### Your objective
The entries below are to be printed again word for word.
----- Provided data -----
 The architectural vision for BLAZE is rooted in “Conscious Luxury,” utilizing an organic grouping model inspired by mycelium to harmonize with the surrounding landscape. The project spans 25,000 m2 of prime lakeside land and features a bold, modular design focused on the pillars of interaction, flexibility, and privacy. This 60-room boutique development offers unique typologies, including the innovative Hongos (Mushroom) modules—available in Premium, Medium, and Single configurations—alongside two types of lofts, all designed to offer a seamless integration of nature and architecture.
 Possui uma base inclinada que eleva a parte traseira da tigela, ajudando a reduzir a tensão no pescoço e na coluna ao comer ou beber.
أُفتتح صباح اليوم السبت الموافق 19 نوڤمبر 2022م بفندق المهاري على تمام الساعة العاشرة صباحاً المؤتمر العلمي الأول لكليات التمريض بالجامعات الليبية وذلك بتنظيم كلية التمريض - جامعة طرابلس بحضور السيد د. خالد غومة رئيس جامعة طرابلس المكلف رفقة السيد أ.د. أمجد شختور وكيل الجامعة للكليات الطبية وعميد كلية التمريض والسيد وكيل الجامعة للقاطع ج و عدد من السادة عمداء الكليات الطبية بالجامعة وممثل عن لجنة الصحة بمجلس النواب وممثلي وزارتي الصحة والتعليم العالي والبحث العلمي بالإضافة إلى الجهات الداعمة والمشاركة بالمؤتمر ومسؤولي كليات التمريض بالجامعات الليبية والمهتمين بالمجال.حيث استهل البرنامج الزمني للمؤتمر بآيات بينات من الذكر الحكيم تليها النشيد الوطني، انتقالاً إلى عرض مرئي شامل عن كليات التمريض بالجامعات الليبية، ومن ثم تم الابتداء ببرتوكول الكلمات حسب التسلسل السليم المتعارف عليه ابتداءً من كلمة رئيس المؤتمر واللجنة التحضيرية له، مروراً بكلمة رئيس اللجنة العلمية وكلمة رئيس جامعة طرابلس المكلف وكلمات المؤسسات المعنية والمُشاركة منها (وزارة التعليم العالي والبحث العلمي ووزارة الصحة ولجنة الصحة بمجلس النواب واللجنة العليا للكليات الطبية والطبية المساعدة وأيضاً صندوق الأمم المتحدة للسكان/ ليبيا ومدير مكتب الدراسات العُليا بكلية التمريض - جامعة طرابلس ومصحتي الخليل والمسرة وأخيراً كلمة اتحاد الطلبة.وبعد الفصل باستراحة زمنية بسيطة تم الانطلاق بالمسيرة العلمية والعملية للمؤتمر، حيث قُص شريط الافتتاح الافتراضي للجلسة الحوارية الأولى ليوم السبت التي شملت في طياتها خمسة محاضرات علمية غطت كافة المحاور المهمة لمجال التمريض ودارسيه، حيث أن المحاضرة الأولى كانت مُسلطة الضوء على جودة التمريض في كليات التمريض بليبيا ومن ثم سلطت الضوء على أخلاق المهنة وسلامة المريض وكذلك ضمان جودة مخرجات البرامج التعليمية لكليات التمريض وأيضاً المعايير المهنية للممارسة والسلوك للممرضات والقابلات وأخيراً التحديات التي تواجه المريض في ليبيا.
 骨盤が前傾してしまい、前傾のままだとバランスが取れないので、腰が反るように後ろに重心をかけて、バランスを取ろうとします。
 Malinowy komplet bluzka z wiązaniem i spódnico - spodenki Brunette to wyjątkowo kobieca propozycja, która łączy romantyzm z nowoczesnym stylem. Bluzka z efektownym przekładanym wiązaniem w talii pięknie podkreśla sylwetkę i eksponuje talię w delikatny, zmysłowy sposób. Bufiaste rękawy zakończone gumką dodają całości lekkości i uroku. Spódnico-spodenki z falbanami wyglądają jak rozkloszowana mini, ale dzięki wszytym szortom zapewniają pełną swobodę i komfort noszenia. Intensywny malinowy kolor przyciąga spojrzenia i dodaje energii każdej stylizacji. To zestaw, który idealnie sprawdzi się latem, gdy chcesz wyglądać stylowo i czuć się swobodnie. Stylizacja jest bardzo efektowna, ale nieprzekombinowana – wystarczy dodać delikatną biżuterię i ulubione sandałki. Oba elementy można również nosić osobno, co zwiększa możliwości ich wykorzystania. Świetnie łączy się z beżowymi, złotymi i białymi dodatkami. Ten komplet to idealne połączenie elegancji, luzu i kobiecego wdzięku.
-----
### Output of the exercise
 The architectural vision for BLAZE is rooted in “Conscious Luxury,” utilizing an organic grouping model inspired by mycelium to harmonize with the surrounding landscape. The project spans 25,000 m2 of prime lakeside land and features a bold, modular design focused on the pillars of interaction, flexibility, and privacy. This 60-room boutique development offers unique typologies, including the innovative Hongos (Mushroom) modules—available in Premium, Medium, and Single configurations—alongside two types of lofts, all designed to offer a seamless integration of nature and architecture.
 Possui uma base inclinada que eleva a parte traseira da tigela, ajudando a reduzir a tensão no pescoço e na coluna ao comer ou beber.
أُفتتح صباح اليوم السبت الموافق 19 نوڤمبر 2022م بفندق المهاري على تمام الساعة العاشرة صباحاً المؤتمر العلمي الأول لكليات التمريض بالجامعات الليبية وذلك بتنظيم كلية التمريض - جامعة طرابلس بحضور السيد د. خالد غومة رئيس جامعة طرابلس المكلف رفقة السيد أ.د. أمجد شختور وكيل الجامعة للكليات الطبية وعميد كلية التمريض والسيد وكيل الجامعة للقاطع ج و عدد من السادة عمداء الكليات الطبية بالجامعة وممثل عن لجنة الصحة بمجلس النواب وممثلي وزارتي الصحة والتعليم العالي والبحث العلمي بالإضافة إلى الجهات الداعمة والمشاركة بالمؤتمر ومسؤولي كليات التمريض بالجامعات الليبية والمهتمين بالمجال.حيث استهل البرنامج الزمني للمؤتمر بآيات بينات من الذكر الحكيم تليها النشيد الوطني، انتقالاً إلى عرض مرئي شامل عن كليات التمريض بالجامعات الليبية، ومن ثم تم الابتداء ببرتوكول الكلمات حسب التسلسل السليم المتعارف عليه ابتداءً من كلمة رئيس المؤتمر واللجنة التحضيرية له، مروراً بكلمة رئيس اللجنة العلمية وكلمة رئيس جامعة طرابلس المكلف وكلمات المؤسسات المعنية والمُشاركة منها (وزارة التعليم العالي والبحث العلمي ووزارة الصحة ولجنة الصحة بمجلس النواب واللجنة العليا للكليات الطبية والطبية المساعدة وأيضاً صندوق الأمم المتحدة للسكان/ ليبيا ومدير مكتب الدراسات العُليا بكلية التمريض - جامعة طرابلس ومصحتي الخليل والمسرة وأخيراً كلمة اتحاد الطلبة.وبعد الفصل باستراحة زمنية بسيطة تم الانطلاق بالمسيرة العلمية والعملية للمؤتمر، حيث قُص شريط الافتتاح الافتراضي للجلسة الحوارية الأولى ليوم السبت التي شملت في طياتها خمسة محاضرات علمية غطت كافة المحاور المهمة لمجال التمريض ودارسيه، حيث أن المحاضرة الأولى كانت مُسلطة الضوء على جودة التمريض في كليات التمريض بليبيا ومن ثم سلطت الضوء على أخلاق المهنة وسلامة المريض وكذلك ضمان جودة مخرجات البرامج التعليمية لكليات التمريض وأيضاً المعايير المهنية للممارسة والسلوك للممرضات والقابلات وأخيراً التحديات التي تواجه المريض في ليبيا.
 骨盤が前傾してしまい、前傾のままだとバランスが取れないので、腰が反るように後ろに重心をかけて、バランスを取ろうとします。
 Malinowy komplet bluzka z wiązaniem i spódnico - spodenki Brunette to wyjątkowo kobieca propozycja, która łączy romantyzm z nowoczesnym stylem. Bluzka z efektownym przekładanym wiązaniem w talii pięknie podkreśla sylwetkę i eksponuje talię w delikatny, zmysłowy sposób. Bufiaste rękawy zakończone gumką dodają całości lekkości i uroku. Spódnico-spodenki z falbanami wyglądają jak rozkloszowana mini, ale dzięki wszytym szortom zapewniają pełną swobodę i komfort noszenia. Intensywny malinowy kolor przyciąga spojrzenia i dodaje energii każdej stylizacji. To zestaw, który idealnie sprawdzi się latem, gdy chcesz wyglądać stylowo i czuć się swobodnie. Stylizacja jest bardzo efektowna, ale nieprzekombinowana – wystarczy dodać delikatną biżuterię i ulubione sandałki. Oba elementy można również nosić osobno, co zwiększa możliwości ich wykorzystania. Świetnie łączy się z beżowymi, złotymi i białymi dodatkami. Ten komplet to idealne połączenie elegancji, luzu i kobiecego wdzięku.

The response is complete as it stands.